I got home and William was asleep so I placed him in his crib that my dad has for him; he was at work. Oh Charlie, what am I going to say to him, how do we explain this to him? 'Oh yea and by the way dad, Jacob and I are separating because he imprinted.' Yea, like that's going to happen, I think he's going to kill him or come close to do it.

I went into the bathroom to take a shower and took the baby monitor with me just in case William gets up. I started the water as hot as I could stand it and took off my clothes and jumped in. I instantly started to cry and sat on the tub.
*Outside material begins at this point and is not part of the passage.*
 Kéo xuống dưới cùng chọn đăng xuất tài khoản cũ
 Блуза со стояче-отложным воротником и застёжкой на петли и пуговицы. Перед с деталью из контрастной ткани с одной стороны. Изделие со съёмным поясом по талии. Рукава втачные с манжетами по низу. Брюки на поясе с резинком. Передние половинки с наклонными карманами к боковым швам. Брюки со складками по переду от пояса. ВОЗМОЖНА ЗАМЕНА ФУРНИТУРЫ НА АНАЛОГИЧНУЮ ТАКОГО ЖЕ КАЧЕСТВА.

I was thinking out loud while grabbing my legs:
"Oh my god, what am I going to do! How am I going to do everything? I knew this was going to happen I even said it to myself. Everything is going to be fine Bella. William is going to be fine, I'm going to be fine for William, and he's my reason for living. I'm glad Jacob and I put almost everything away in the suitcases because we were leaving in three days and we didn't want to leave everything at the last minute. Oh god I sound like a crazy person talking to myself out loud."
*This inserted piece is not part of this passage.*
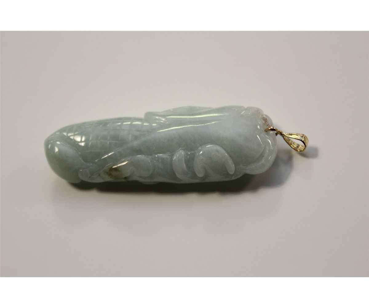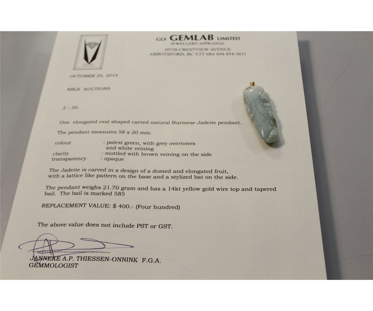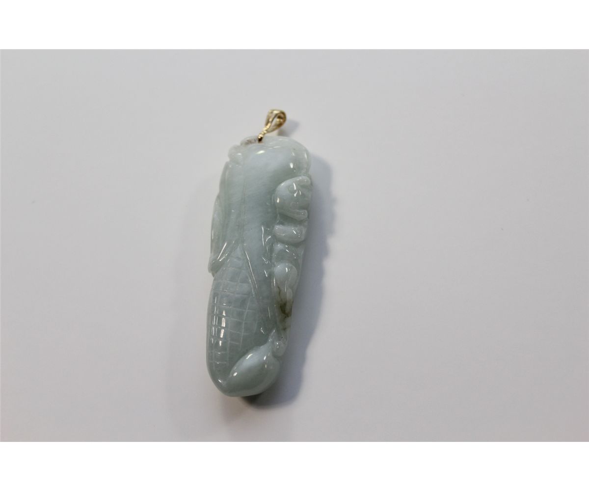 1 ELONGATED OVAL SHAPED CARVED NATURAL BURMESE JADEITE PENDANT CARVED IN THE SHAPE OF A DOMED AND ELONGATED FRUIT WITH A LATTICE LIKE PATTERN ON BASE AND A STYLISED BAT ON SIDE. REPLACEMENT VALUE: $400.00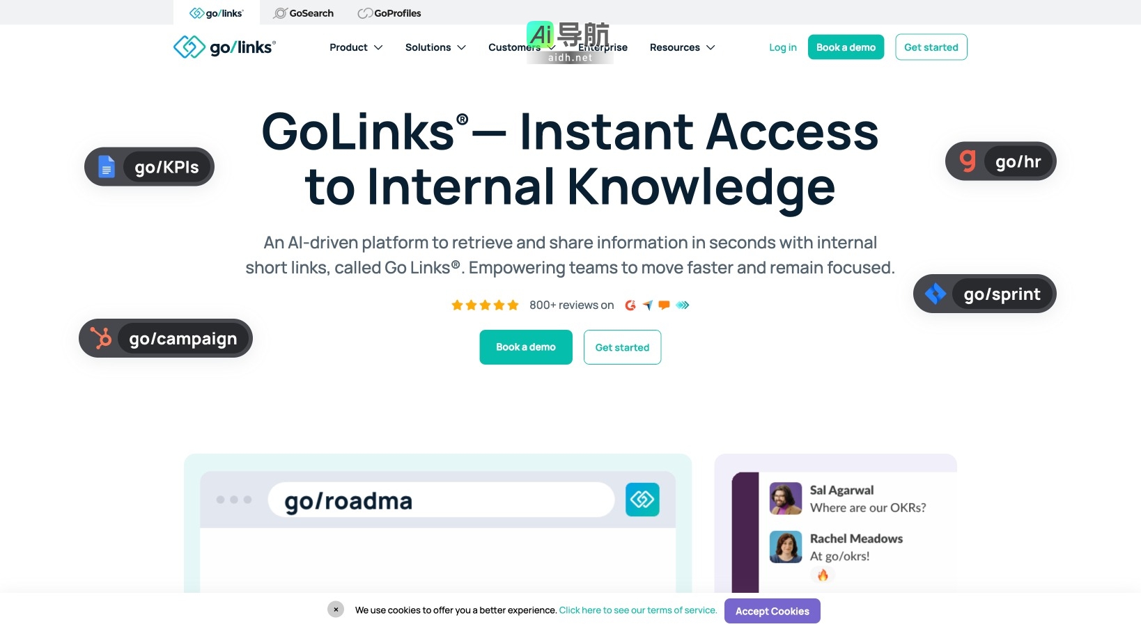 GoLinks是一款基于人工智能的内部知识管理平台,旨在通过短链接(Go Links®)快速检索和分享信息,帮助团队更高效地工作。以下是GoLinks的主要特点和功能:

I stood up and finished showering and trying to have my head clear of nothingness. I suddenly heard William fuss and heard a voice. I wasn't sure who it was so I just wrapped a towel and put my slippers and ran to the room.

"Who's there? Get away from William!" I shouted without fully knowing who it was and slammed the door open.
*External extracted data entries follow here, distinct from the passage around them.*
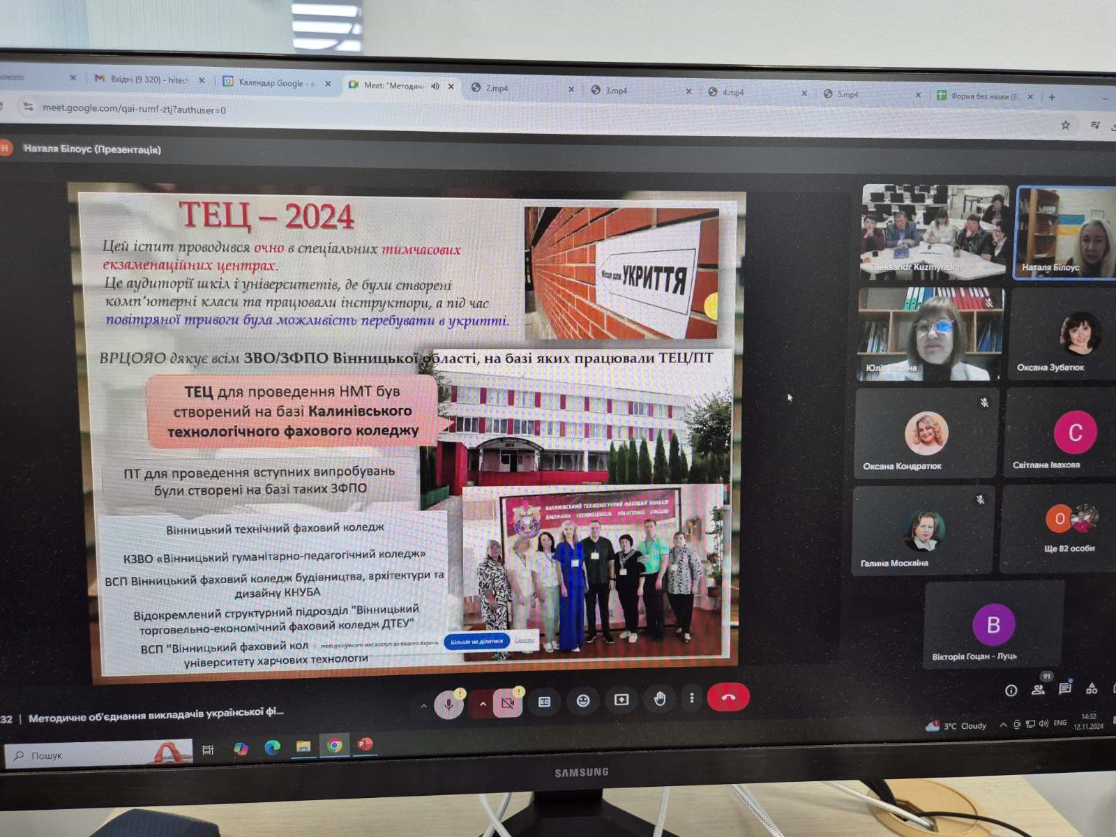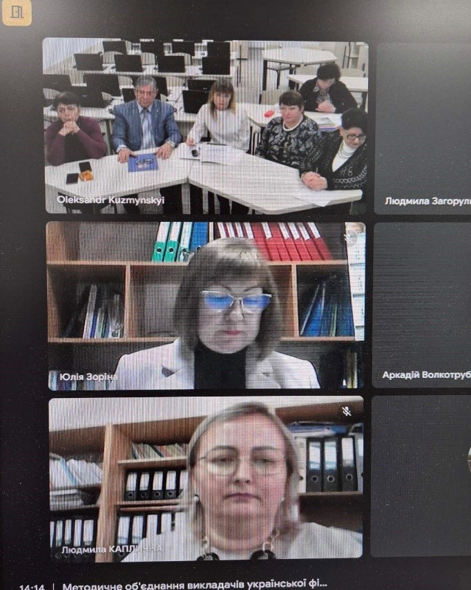 12 листопада 2024 року на базі Комунального закладу вищої освіти «Вінницький гуманітарно-педагогічний коледж» відбулось онлайн-засідання обласного методичного об’єднання викладачів української філології. До участі у засіданні долучилося 100 слухачів з 23 коледжів області та міста. Зустріч розпочалася з вітальних слів директора КЗВО «Вінницький гуманітарно-педагогічний коледж» Войцехівського Костянтина Францовича, директора базового закладу фахової передвищої освіти Вінницького технічного фахового коледжу Василюк Світлани Михайлівни, голови обласного методичного об’єднання викладачів української філології, методиста Вінницького технічного фахового коледжу, кандидата філологічних наук Зоріної Юлії Валеріївни, методиста Ради директорів закладів фахової передвищої освіти Вінницької області, кандидата педагогічних наук Моторної Лесі Володимирівни.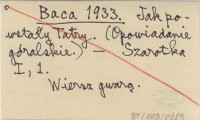 Baca 1933 Jak powstały Tatry. (Opowiadanie góralskie).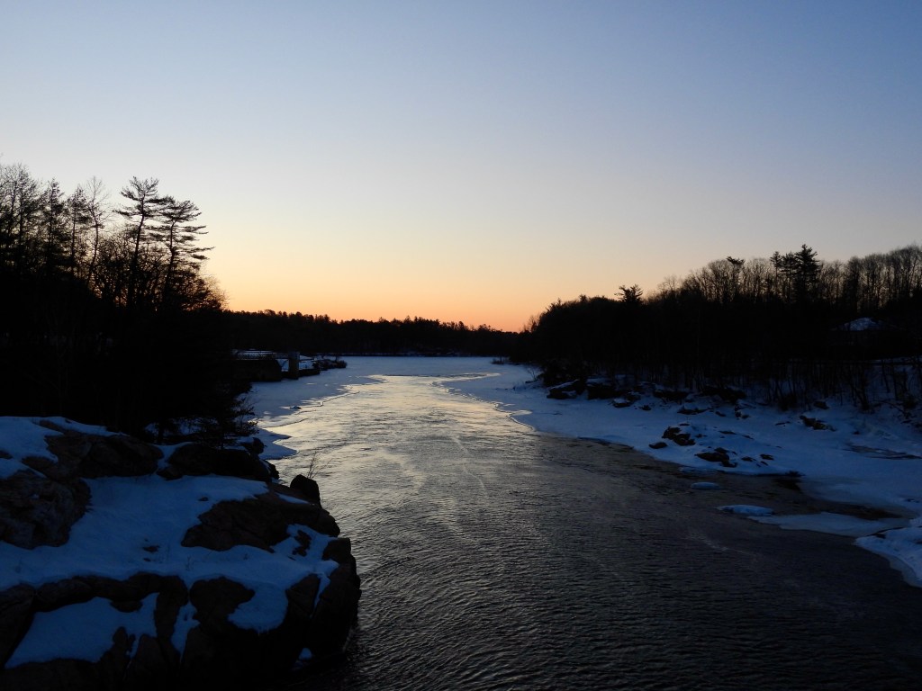 As it turns out, the morning was not particularly spectacular, unless you were talking about the wind and the cold, which were out in full force. Still, I parked by the river and walked out onto the bridge, getting buffeted by gusts of biting wind. Ice and snow covered much of the river below me. The sky lightened in the east with no dramatic prelude to dawn, just a steady color change. The wind shoved me again and again and sent scrolls of scrawling ripples down the river. By the falls upriver, the valiant small tree, rooted amidst the rocks, defiantly steadfast through all seasons and flood and drought, still stood fast. Way downstream, some sort of duck was busy dipping and diving into the water. A leaf scuttled across the bridge.

"I'm sorry Bella I didn't mean to interrupt." He answered shyly.

"Oh it's you. Um, I didn't expect you to be here so soon" I said when I realized I was just wrapped in a towel with my slippers and nothing else; well, my hair was long and wet and all over the place. His eyes became darker as he drank mi sight in. it was going to be there forever, I sighed internally.

He looked away and said….. "Yes, I guess I'm here soon…. Wait, why did you think I was going to be here in the first place?" he asked me.

"Hold on, I'm going to change really fast and we'll talk." I was going to take my clothes and go into the restroom when I realized he turned his back to give me a sense of privacy and I just changed into some comfortable sweats and a tank top.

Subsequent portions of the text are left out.